Semantics aside, triple negative cancers are more aggressive that their positive cousins. This means they grow faster and spread faster. It also means chemotherapy works better on this particular form of cancer because chemo attacks the rapidly dividing cells and nothing divides more rapidly than estrogen and progesterone receptor negative cancer cells. This is a very good thing.

Another positive is that the longer a woman goes disease free, the greater her chances are of her cancer NEVER returning. The positive people cannot say that because their tumors grow slowly and can show up again 10 years later. With the triple negatives, if your tumor is going to come back it will do so right away and not hang around for years. SO, if you are able to successfully rid your body of it you can beat this cancer. Forever.

Why did I start this post pleading for African American women to read it? Because you are the prime target for triple negative disease. If you are going to get breast cancer you are more likely going to get triple negative than the positive kind AND you are going to get it YOUNG.

The American Cancer Society has done great things around the world for people with all types of cancer. But they have done one very harmful thing: Telling women to get their first baseline mammogram at the age of 40. If you are African American you need to get your first baseline at 30 and be checked yearly. NO EXCUSES. Why? Because the EARLIER YOU CATCH THIS DISEASE THE GREATER YOUR CHANCES ARE OF BEATING IT. FOREVER.

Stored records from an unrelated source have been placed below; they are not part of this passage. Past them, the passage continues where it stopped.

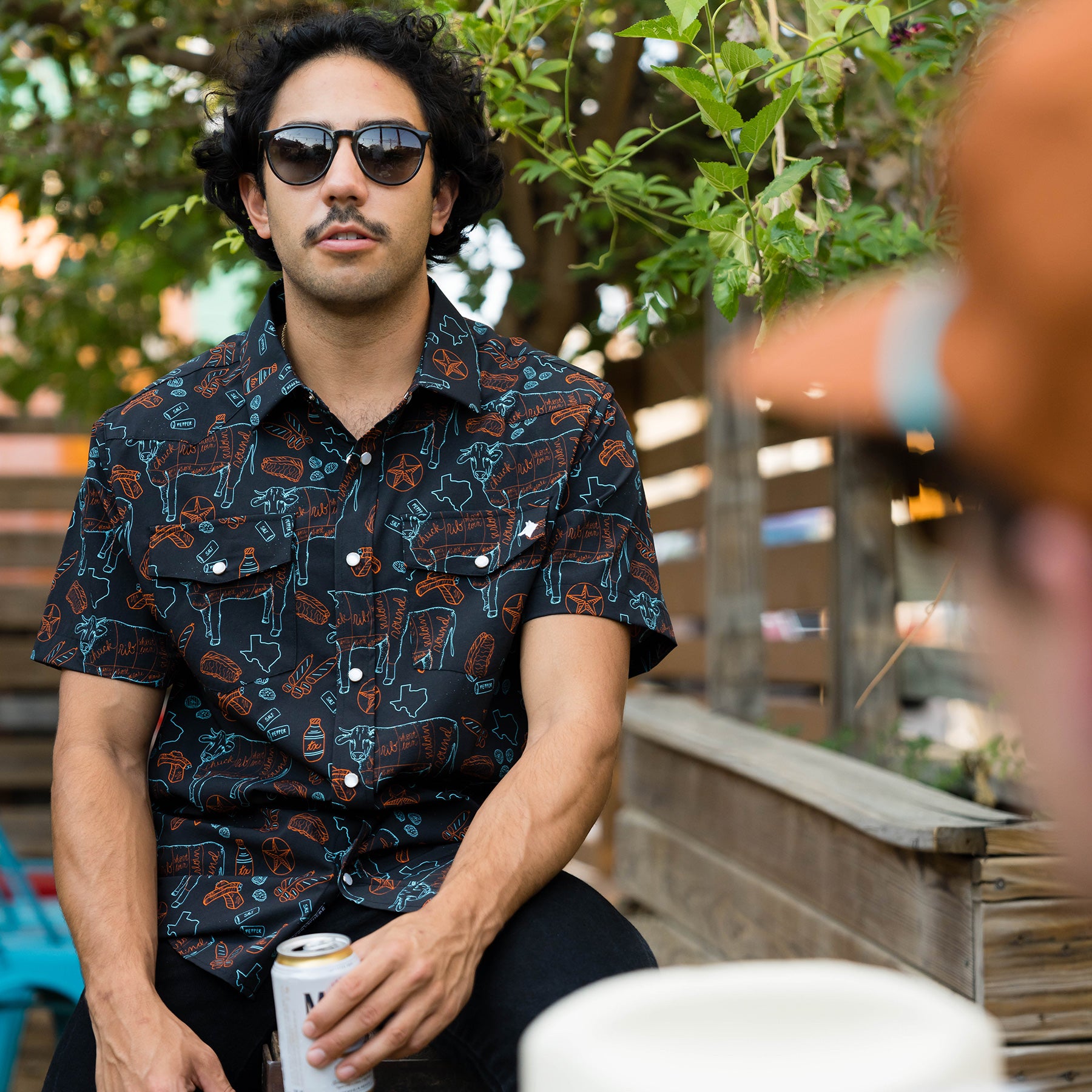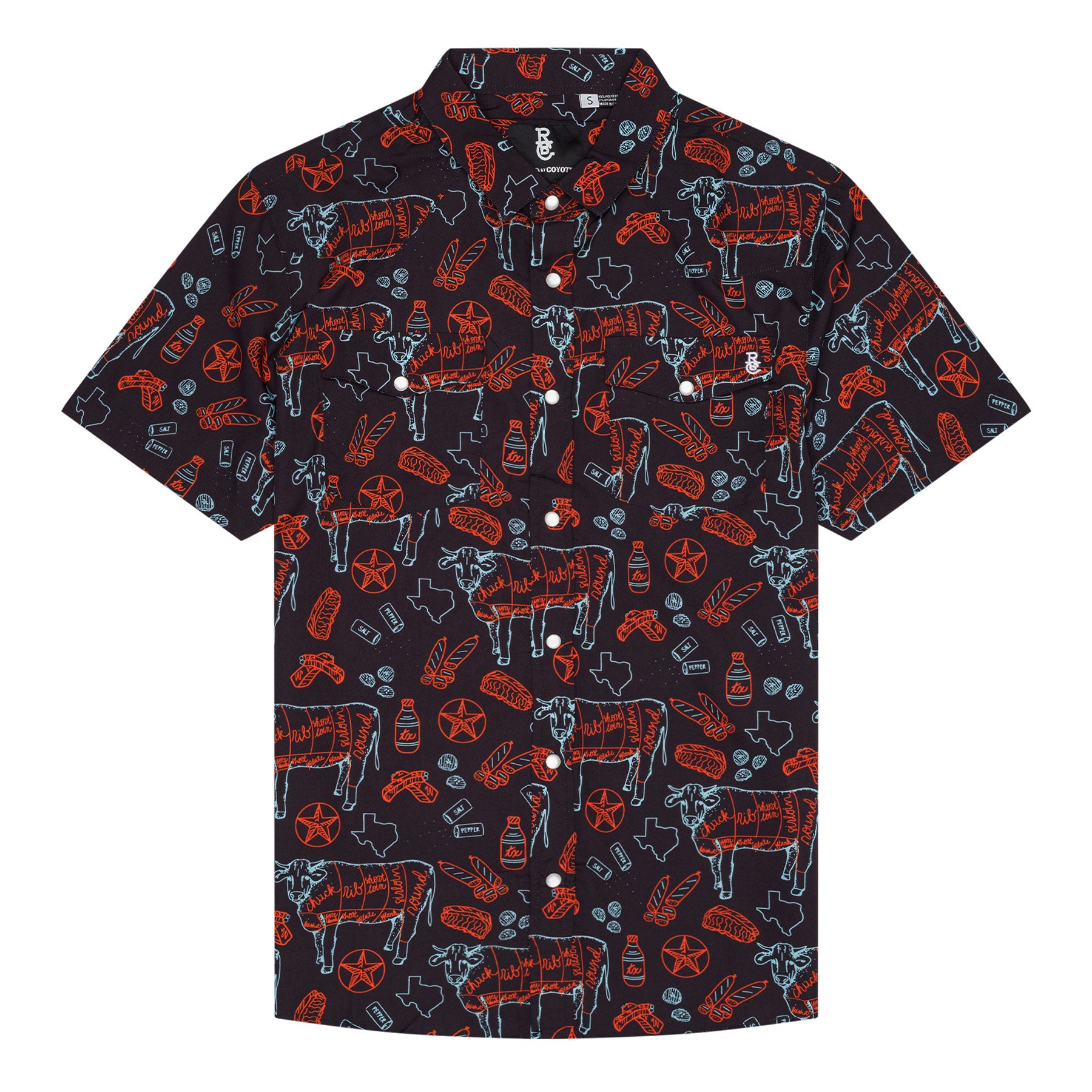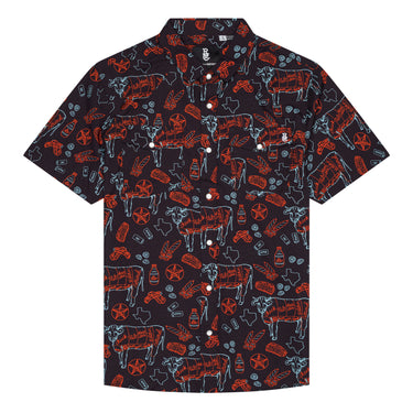 Our TX BBQ Nights pearl snap western shirt features a beef cuts chart, brisket, ribs, sausage and fixin's pattern, pearl snap button down, and embroidered coyote head on the front pocket.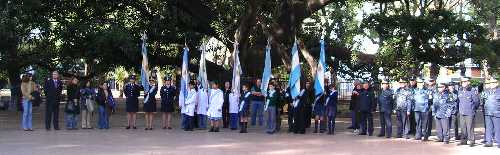 Los festejos del 25 de mayoLa ciudad amaneció con sus balcones enbanderados y los vehículos que transitaban Buenos Aires también lucían orgullosos los colores de la Patria, celeste y blanco.El acto más importante, o de mayor trascendencia, se llevó a cabo en la Plaza de Mayo, donde concurrieron alrededor de 350 mil personas a las que el Presidente de la Nación, Néstor Kirchner, saludó eufóricamente desde la terraza de la casa rosada. Hubo artistas invitados como Mercedes Sosa, Víctor Heredia, Alejandro Lerner y Teresa Parodi., que engalanaron los festejos por el día de la patria. Conozca Buenos Aires presenció el acto realizado en la Plaza Vicente López, convocado por la Comisaría 17, conjuntamente con Conciencia Zona 1. ![]() Este acto contó con la presencia de la Banda del Colegio Don Bosco (Exploradores) y además estuvieron presentes las banderas de los colegios: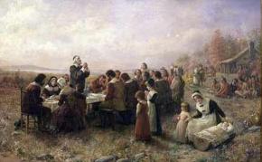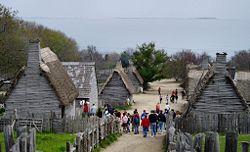 「旅の絵本の秘密」には、清教徒たち(右中央)とあります。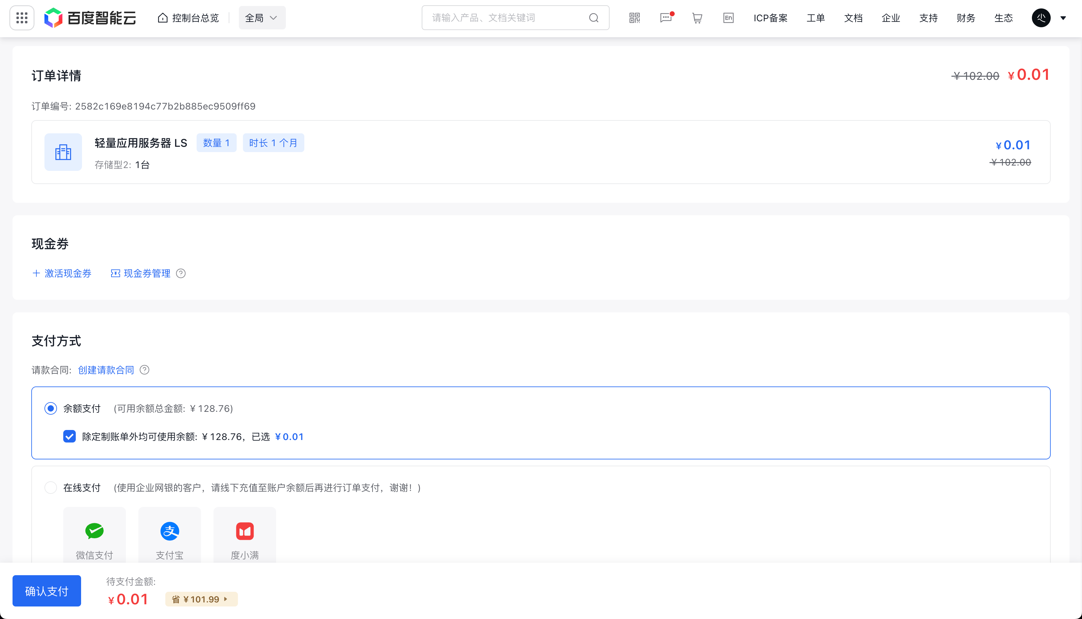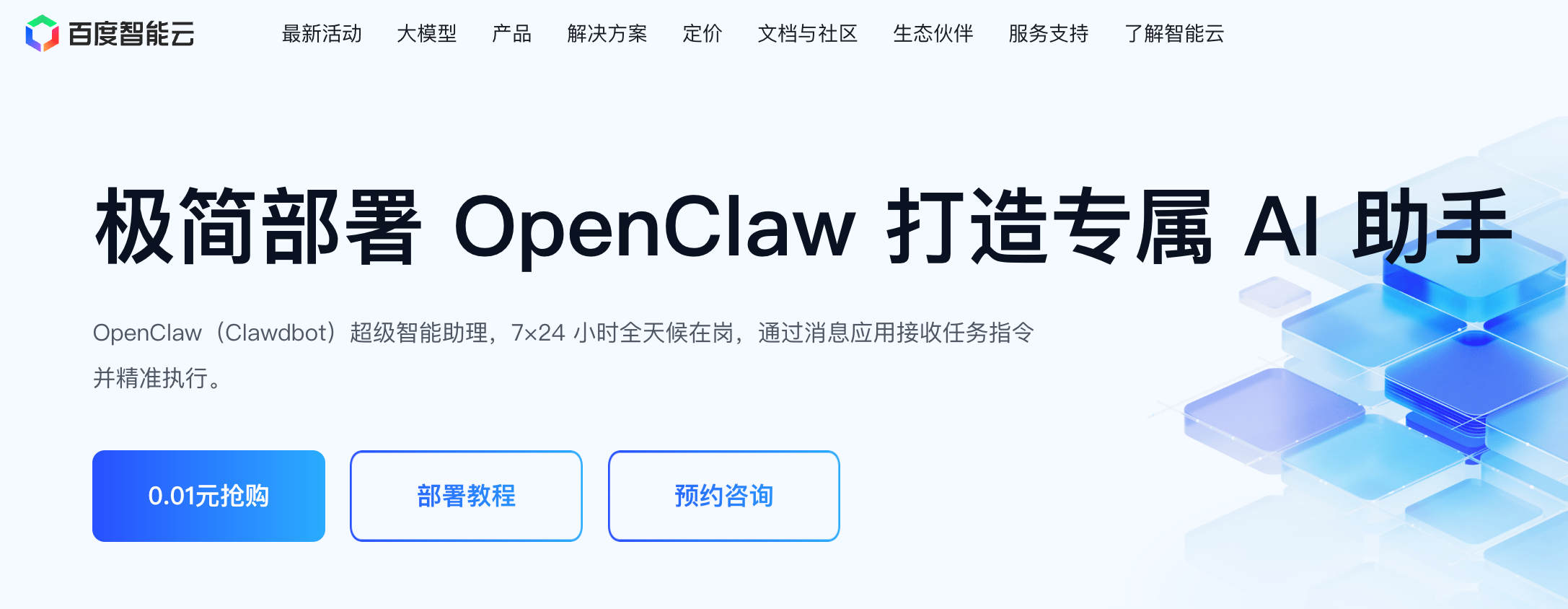 先分享一种最简单获取服务器的方法,打开百度智能云为 OpenClaw 特制的「极简部署页面」,只需 0.01 元,就能抢购到一台 2核4G4M 的轻量应用服务器,免费体验 1 个月。

I just lost my dear friend, Ferne, to this disease. She had never had a baseline done and she had a very aggressive form of the disease. It took her life in less than two years. This did not have to happen. I was diagnosed in 2001 with triple negative disease and it was found to be highly aggressive and heading for the chest wall. But because it was found early I am still here to write to tell you to learn from me. I got lucky because I have a gynecologist who insisted I get a baseline at 35. My cancer was found because of that baseline a couple of years later- BEFORE I was 40. There was a small change detected by the radiologist that was not there on the baseline and that is how they knew something not right in my breast. Had I waited until I was 40 to have my baseline like the ACS recommends, I would be in very bad shape.

Recently I was having a long talk with a 30 year old African American woman who is a physical therapist for breast cancer patients. She had never heard of triple negative disease. She had no idea what it does to African American women. She does now. And she is now getting a baseline done and is urging all her friends to as well.

Tell your friends. Tell your sisters. Tell anyone who will listen. There is an entire generation of truly wonderful women who are dying out there and we have to stop it. NOW.

There is a foundation that has dedicated its mission to Triple Negative Disease. I urge ALL of you to visit them. They are making a difference. And for women who were told they had the "bad" cancer, the "triple negative cancer," this difference is long overdue and it is a Godsend.

http://www.tnbcfoundation.org

2 comments:

Anonymous said...

Hi Gina this is a great entry ....
I think there's a mistake in this sentence though "It also means chemotherapy works better on this particular form of cancer because chemo attacks the rapidly dividing cells and nothing divides more rapidly than estrogen and progesterone receptor positive cancer cells."

I think the "positive cancer cells" at the end of the sentence should be "negative cancer cells.

Doreen

No Surrender said...

Thanks Doreen! It used to be so much easier when I could just write ER/PR+ and ER/PR- and think everyone knew what I was referring to. But since a lot of non cancer people read this I have to write it out and not use our BC shorthand.
I may write a post about that come to think of it!